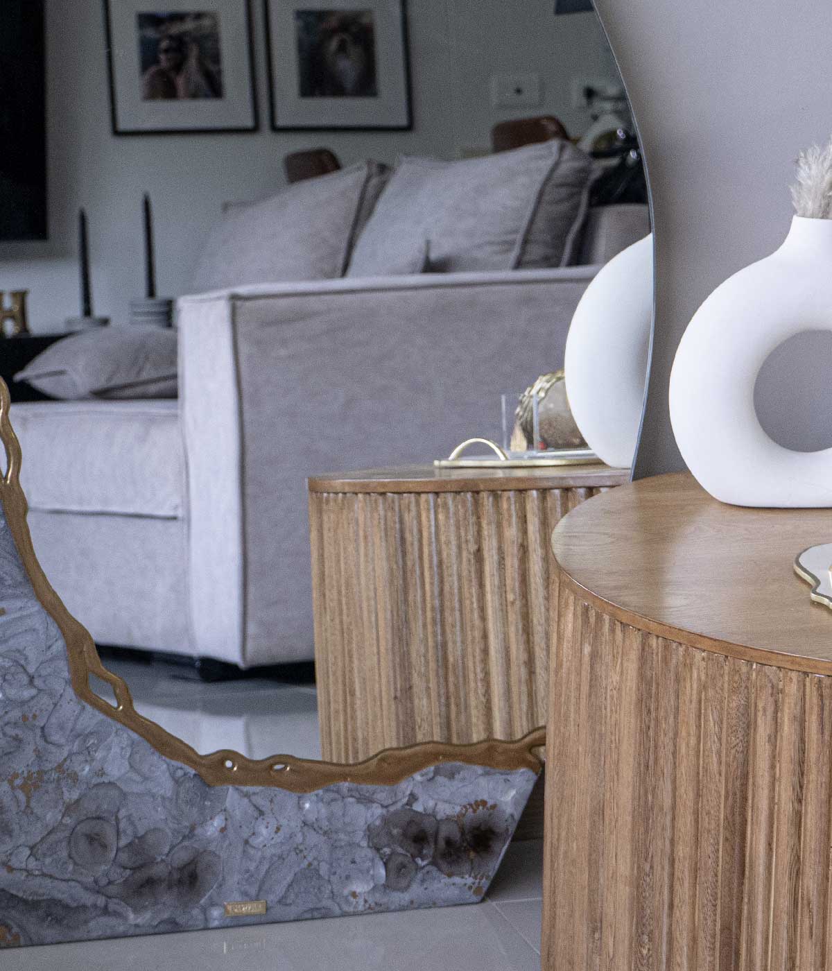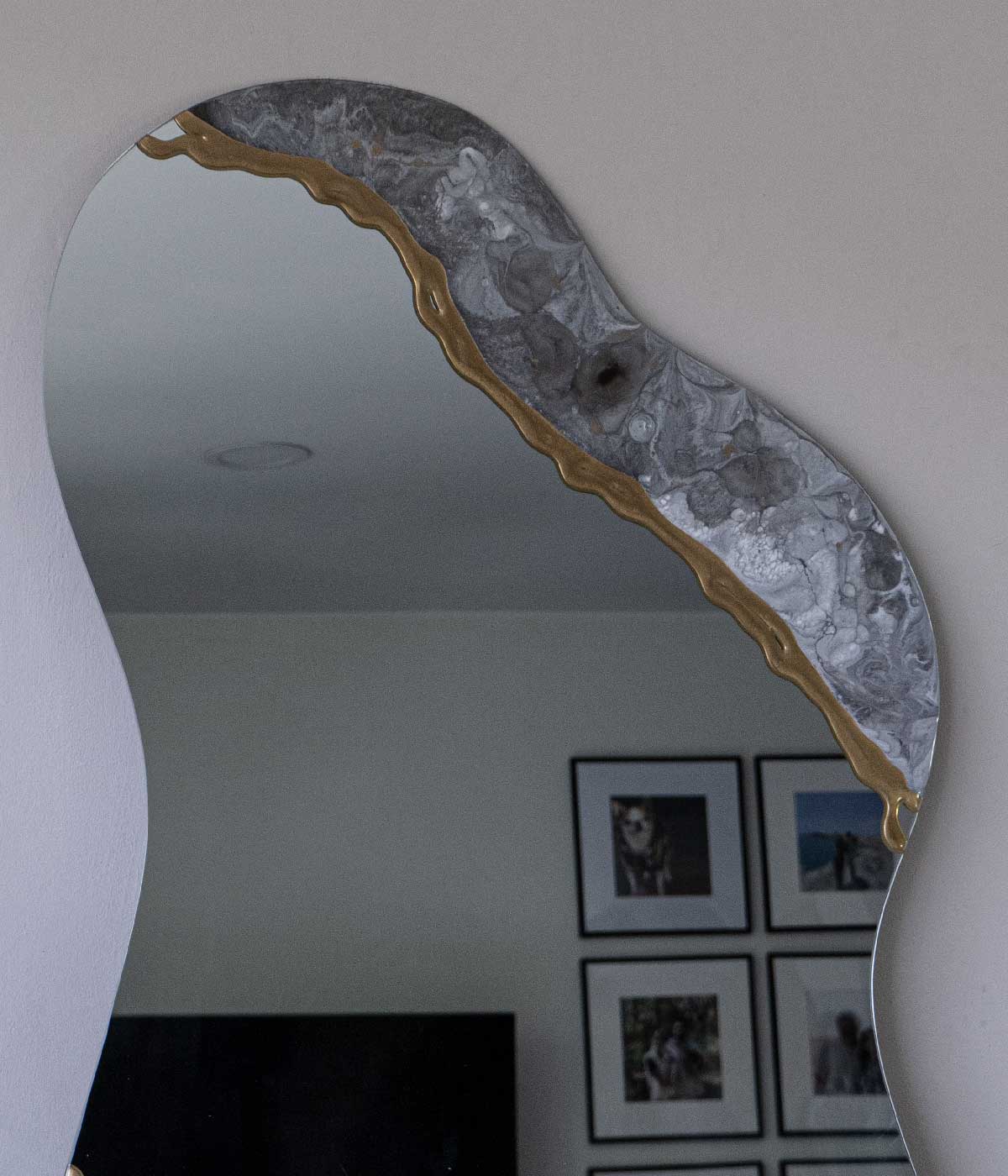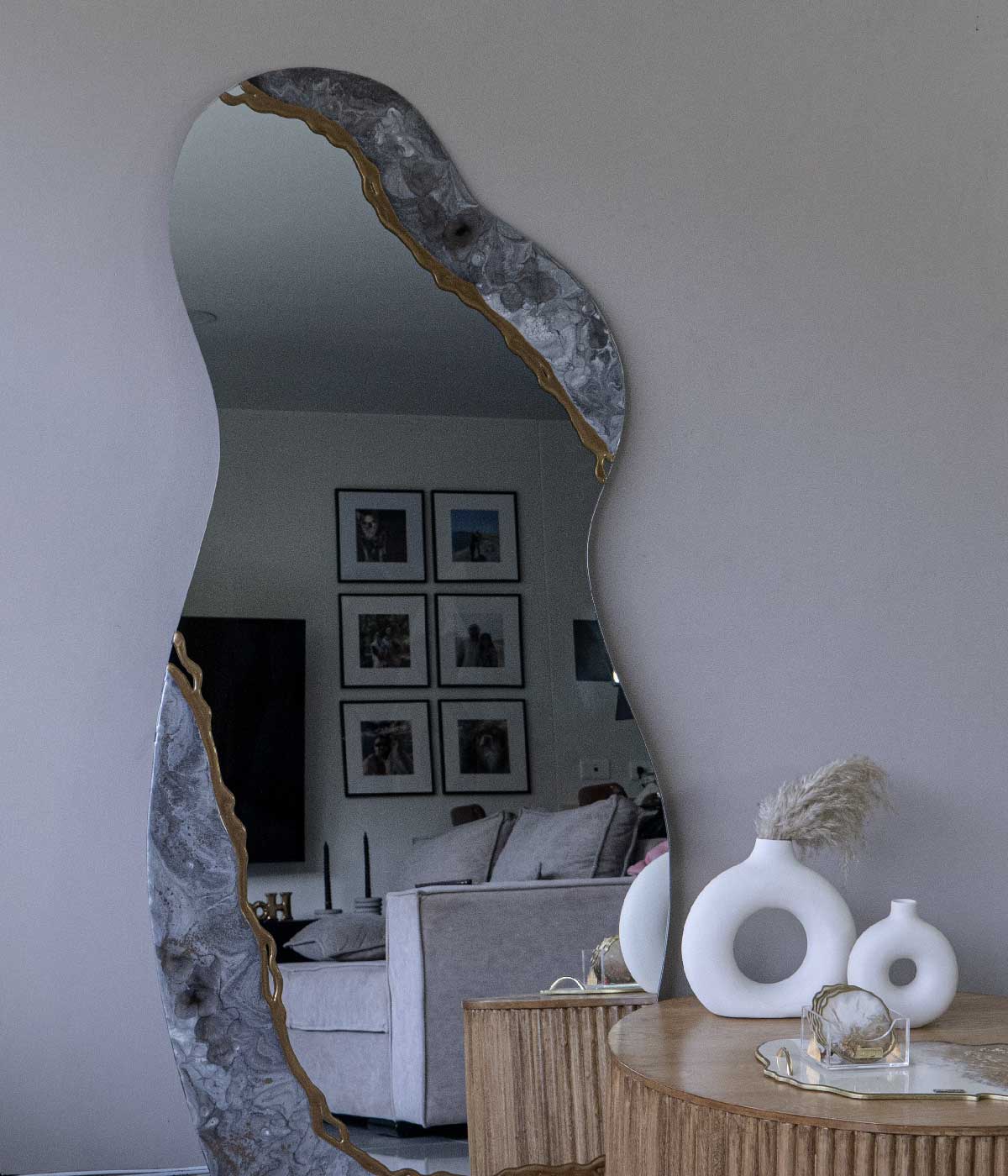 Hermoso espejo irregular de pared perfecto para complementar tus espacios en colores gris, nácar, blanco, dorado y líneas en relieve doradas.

--

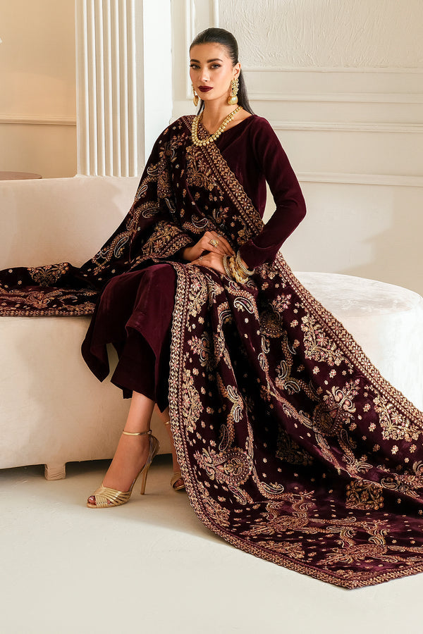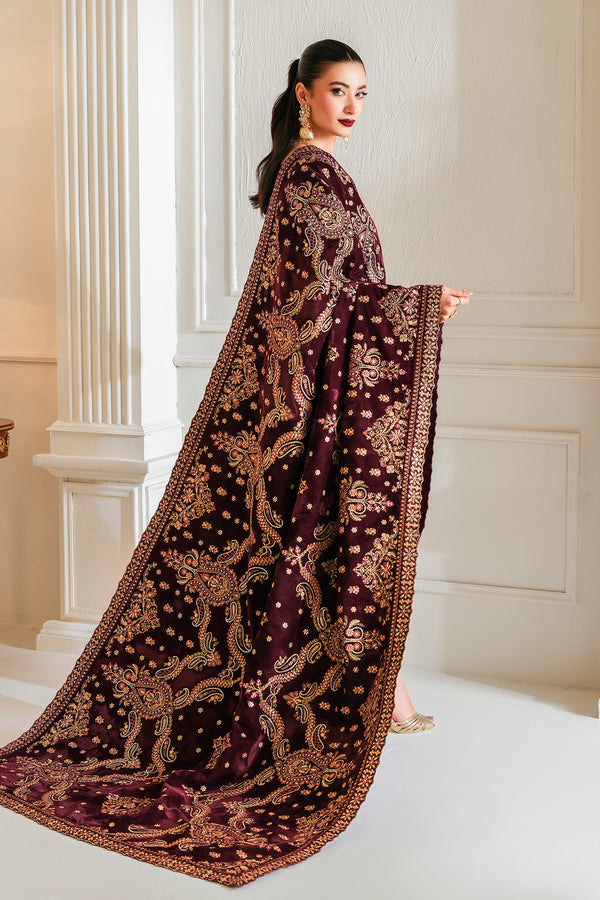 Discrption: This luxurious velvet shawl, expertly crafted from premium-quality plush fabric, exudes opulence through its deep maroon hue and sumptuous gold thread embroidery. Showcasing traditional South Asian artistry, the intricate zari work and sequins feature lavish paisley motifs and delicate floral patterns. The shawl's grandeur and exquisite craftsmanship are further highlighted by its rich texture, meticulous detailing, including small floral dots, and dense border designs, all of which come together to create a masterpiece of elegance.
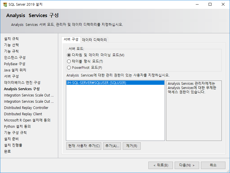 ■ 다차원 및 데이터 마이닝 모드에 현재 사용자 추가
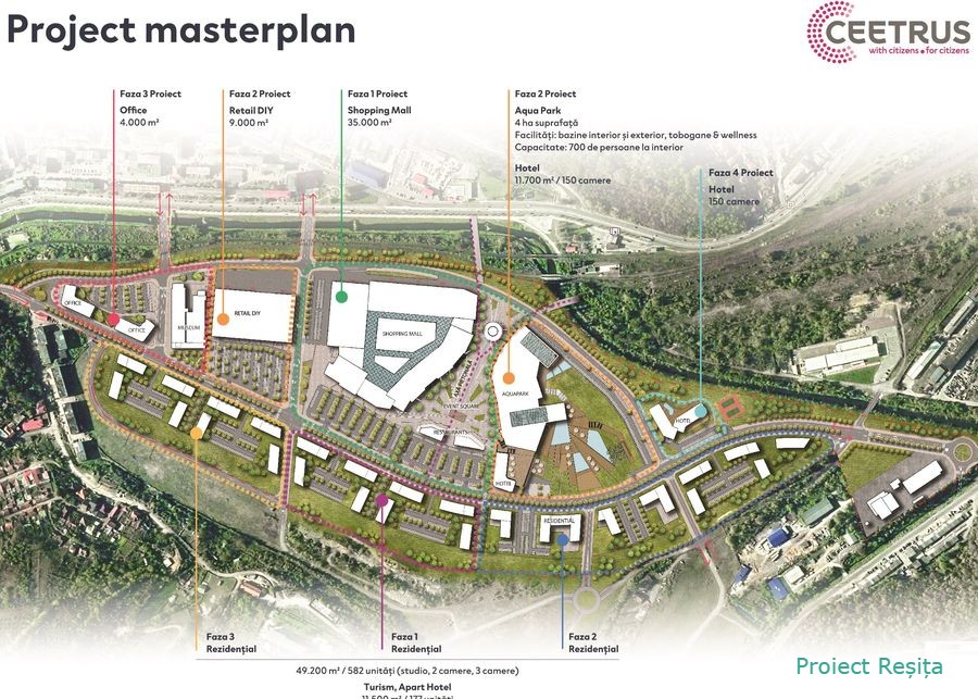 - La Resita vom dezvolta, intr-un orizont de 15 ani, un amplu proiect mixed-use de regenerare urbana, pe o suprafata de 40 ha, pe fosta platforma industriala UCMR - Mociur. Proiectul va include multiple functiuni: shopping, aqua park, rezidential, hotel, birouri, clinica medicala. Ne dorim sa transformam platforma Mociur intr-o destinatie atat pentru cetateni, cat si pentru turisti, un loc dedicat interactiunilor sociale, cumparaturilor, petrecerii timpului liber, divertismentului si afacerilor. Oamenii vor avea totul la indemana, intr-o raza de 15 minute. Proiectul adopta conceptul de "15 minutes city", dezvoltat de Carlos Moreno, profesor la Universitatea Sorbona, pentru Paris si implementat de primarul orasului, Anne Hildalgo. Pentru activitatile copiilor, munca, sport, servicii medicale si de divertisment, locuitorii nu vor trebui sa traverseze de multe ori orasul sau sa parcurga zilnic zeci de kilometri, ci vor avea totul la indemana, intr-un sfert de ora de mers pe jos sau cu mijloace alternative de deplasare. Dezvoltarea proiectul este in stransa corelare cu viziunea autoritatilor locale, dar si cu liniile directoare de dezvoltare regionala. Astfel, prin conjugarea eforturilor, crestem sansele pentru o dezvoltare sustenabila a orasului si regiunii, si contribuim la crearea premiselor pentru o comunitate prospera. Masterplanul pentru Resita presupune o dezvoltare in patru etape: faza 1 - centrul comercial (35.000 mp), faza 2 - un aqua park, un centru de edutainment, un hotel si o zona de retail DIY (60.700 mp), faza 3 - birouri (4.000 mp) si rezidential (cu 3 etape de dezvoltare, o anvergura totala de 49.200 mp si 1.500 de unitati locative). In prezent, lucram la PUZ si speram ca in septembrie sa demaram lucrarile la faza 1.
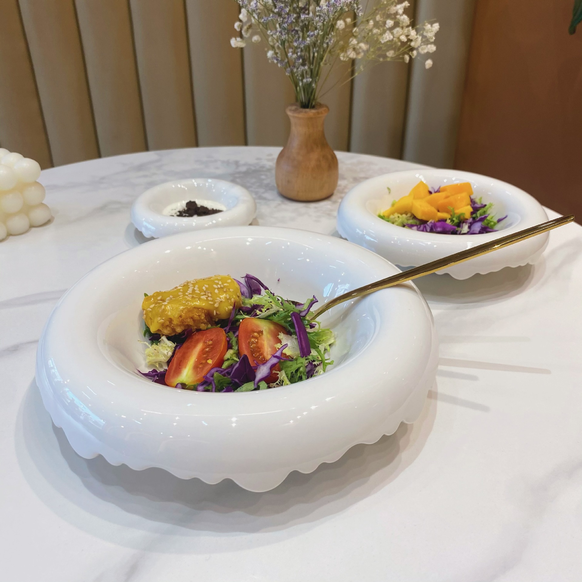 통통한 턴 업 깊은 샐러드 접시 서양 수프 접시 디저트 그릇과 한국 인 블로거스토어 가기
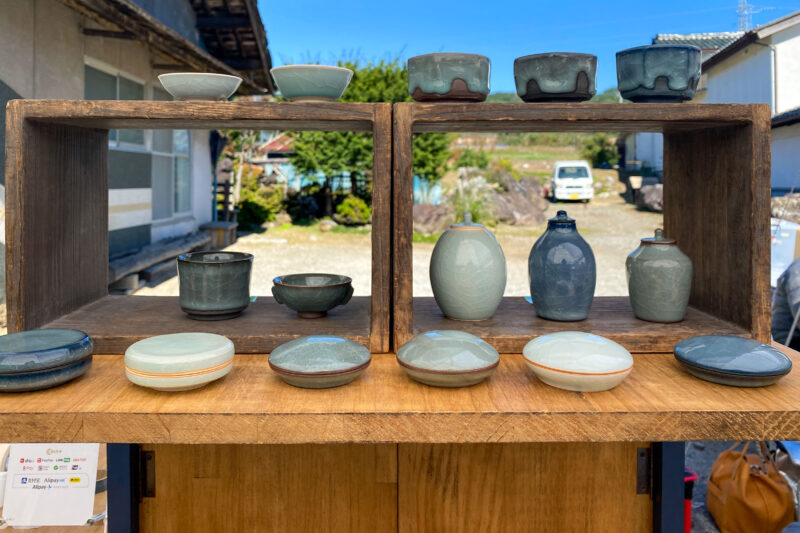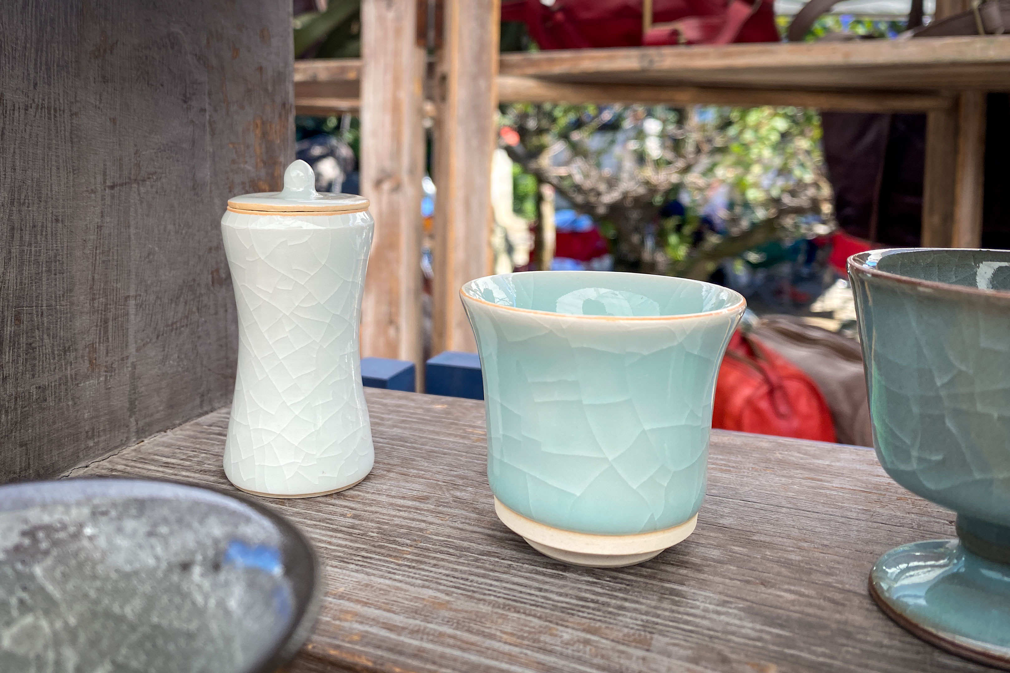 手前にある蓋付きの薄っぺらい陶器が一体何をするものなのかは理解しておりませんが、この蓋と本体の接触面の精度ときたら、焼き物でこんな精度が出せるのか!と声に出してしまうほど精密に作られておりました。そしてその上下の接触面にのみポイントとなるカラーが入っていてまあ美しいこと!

---

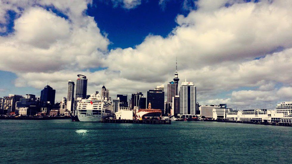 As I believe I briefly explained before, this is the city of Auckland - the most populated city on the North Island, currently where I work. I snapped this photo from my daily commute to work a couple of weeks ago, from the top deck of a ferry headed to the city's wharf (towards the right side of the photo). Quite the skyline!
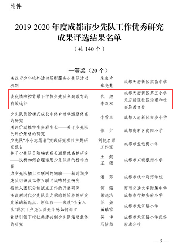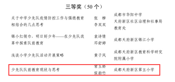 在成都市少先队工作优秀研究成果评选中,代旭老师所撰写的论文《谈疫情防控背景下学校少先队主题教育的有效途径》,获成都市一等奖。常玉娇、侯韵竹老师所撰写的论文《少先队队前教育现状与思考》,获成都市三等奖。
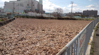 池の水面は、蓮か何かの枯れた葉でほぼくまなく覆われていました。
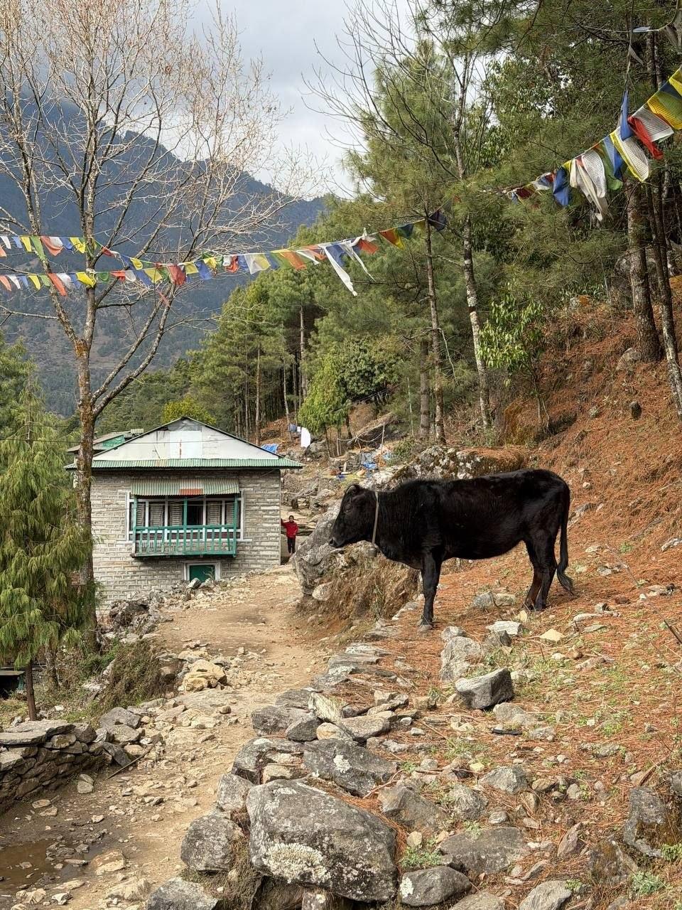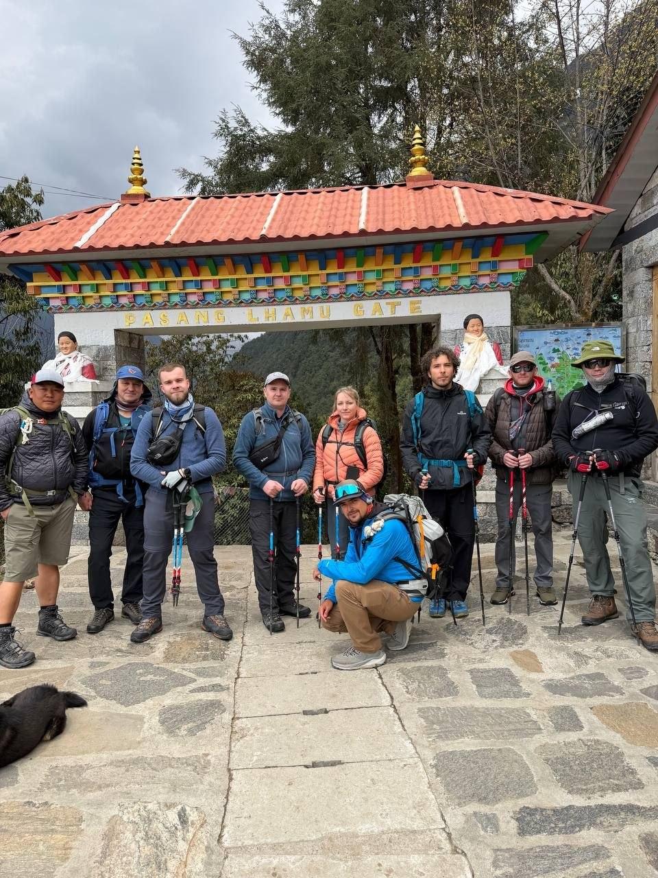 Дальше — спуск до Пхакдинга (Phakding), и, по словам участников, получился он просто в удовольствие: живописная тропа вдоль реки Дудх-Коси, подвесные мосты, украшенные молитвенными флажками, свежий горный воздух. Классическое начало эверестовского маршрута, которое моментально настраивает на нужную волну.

- _Exercise aim_: Above are some entries; copy exactly the lines from the line with "통통한 턴 업 깊은 샐러드" through the line with "手前にある蓋付きの薄っぺらい", both included, but none of the pictures.

- _Result for this exercise_:
 통통한 턴 업 깊은 샐러드 접시 서양 수프 접시 디저트 그릇과 한국 인 블로거스토어 가기
 手前にある蓋付きの薄っぺらい陶器が一体何をするものなのかは理解しておりませんが、この蓋と本体の接触面の精度ときたら、焼き物でこんな精度が出せるのか!と声に出してしまうほど精密に作られておりました。そしてその上下の接触面にのみポイントとなるカラーが入っていてまあ美しいこと!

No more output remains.